● **Exercise details**
Range to repeat from the listing below: the line containing "A képzőművészeti installációként" down to the line containing "經過門口的紅鶴, 先搭遊園車到高處再向下走. 等得不耐煩哭哭的乖乖, 上了車就笑呵呵.", both included. Copy it exactly, pictures excluded, and add nothing else.

● **The records**
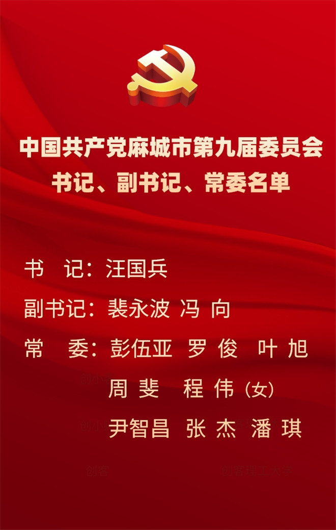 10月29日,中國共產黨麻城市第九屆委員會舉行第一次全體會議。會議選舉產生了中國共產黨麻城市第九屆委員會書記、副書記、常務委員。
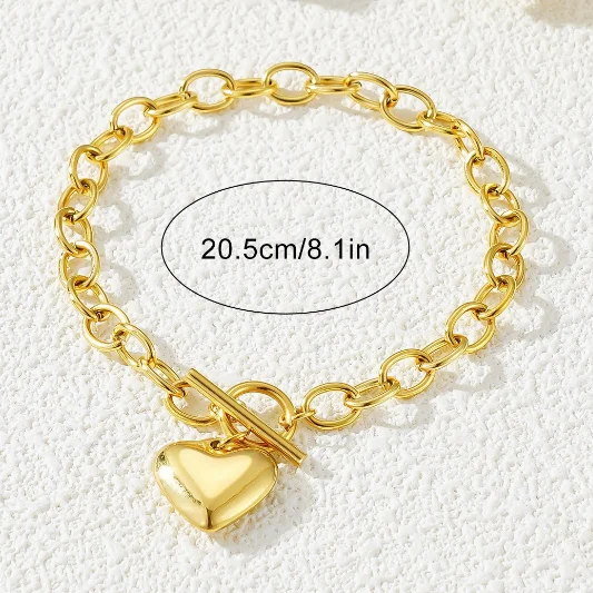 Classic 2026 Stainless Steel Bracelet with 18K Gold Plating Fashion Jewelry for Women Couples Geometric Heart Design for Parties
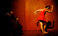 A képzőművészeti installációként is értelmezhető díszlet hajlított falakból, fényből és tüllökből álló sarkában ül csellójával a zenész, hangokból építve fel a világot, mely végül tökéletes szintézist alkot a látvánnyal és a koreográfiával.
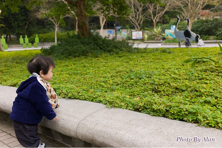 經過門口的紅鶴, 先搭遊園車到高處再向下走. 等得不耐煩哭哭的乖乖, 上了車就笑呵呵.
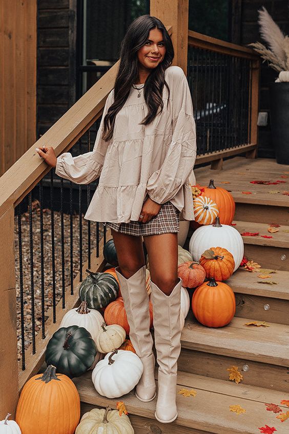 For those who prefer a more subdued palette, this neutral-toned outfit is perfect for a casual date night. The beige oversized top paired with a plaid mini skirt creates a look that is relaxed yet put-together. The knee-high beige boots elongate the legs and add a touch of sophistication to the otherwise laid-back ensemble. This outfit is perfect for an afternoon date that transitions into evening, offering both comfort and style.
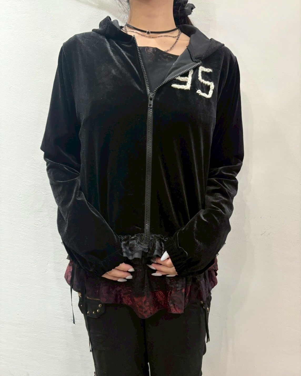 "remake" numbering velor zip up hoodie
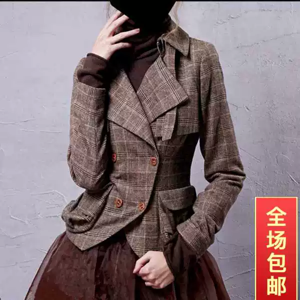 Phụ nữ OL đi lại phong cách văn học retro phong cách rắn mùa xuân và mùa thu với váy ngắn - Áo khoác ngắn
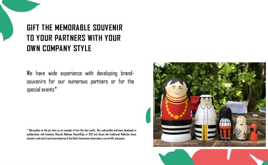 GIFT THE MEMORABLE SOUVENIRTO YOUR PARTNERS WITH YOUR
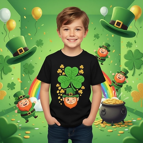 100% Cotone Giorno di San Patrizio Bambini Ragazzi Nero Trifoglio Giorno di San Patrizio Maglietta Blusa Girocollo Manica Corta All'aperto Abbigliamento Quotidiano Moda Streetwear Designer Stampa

==

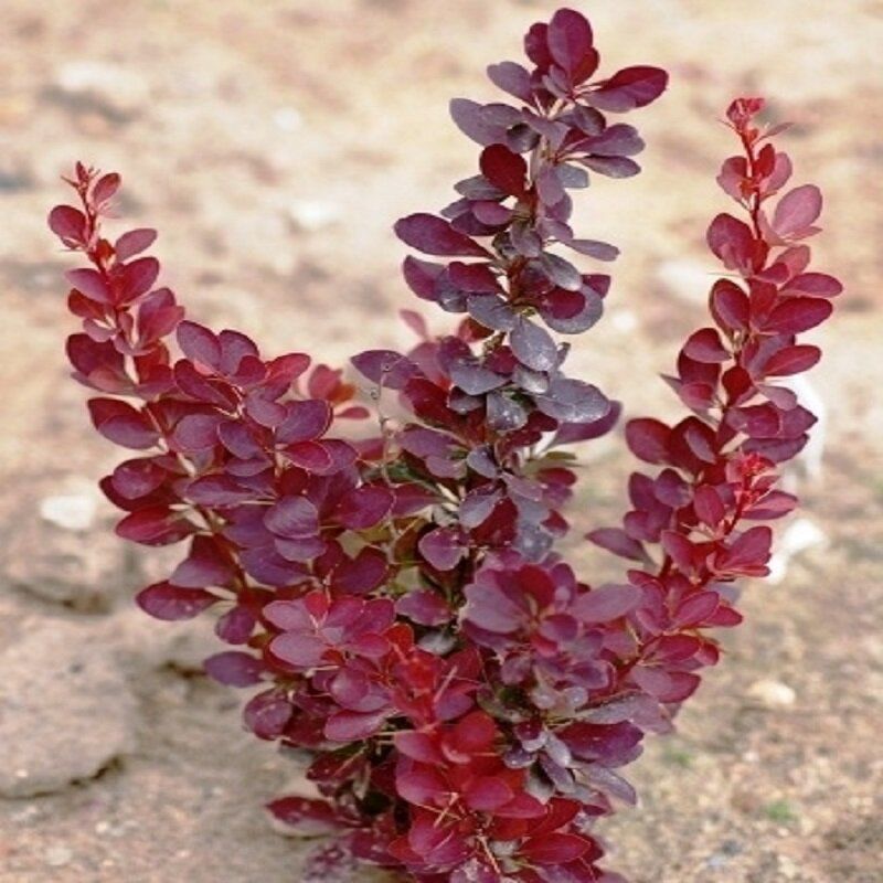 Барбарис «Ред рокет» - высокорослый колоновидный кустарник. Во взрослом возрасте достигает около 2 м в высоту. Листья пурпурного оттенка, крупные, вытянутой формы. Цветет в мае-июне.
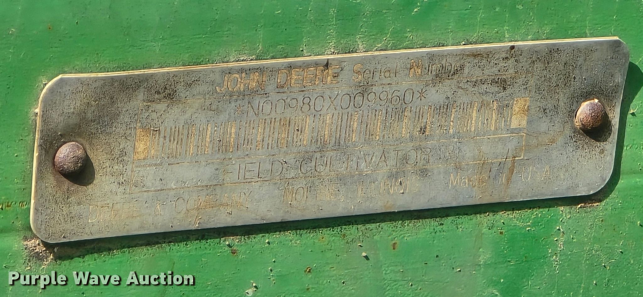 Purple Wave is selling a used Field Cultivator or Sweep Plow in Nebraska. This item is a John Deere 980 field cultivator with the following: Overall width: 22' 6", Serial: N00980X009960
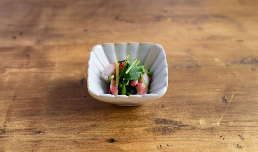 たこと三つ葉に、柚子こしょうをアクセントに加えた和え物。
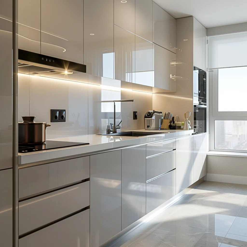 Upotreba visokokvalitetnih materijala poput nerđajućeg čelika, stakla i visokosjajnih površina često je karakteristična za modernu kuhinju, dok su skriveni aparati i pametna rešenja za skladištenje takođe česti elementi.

● **Written solution**
 A képzőművészeti installációként is értelmezhető díszlet hajlított falakból, fényből és tüllökből álló sarkában ül csellójával a zenész, hangokból építve fel a világot, mely végül tökéletes szintézist alkot a látvánnyal és a koreográfiával.
 經過門口的紅鶴, 先搭遊園車到高處再向下走. 等得不耐煩哭哭的乖乖, 上了車就笑呵呵.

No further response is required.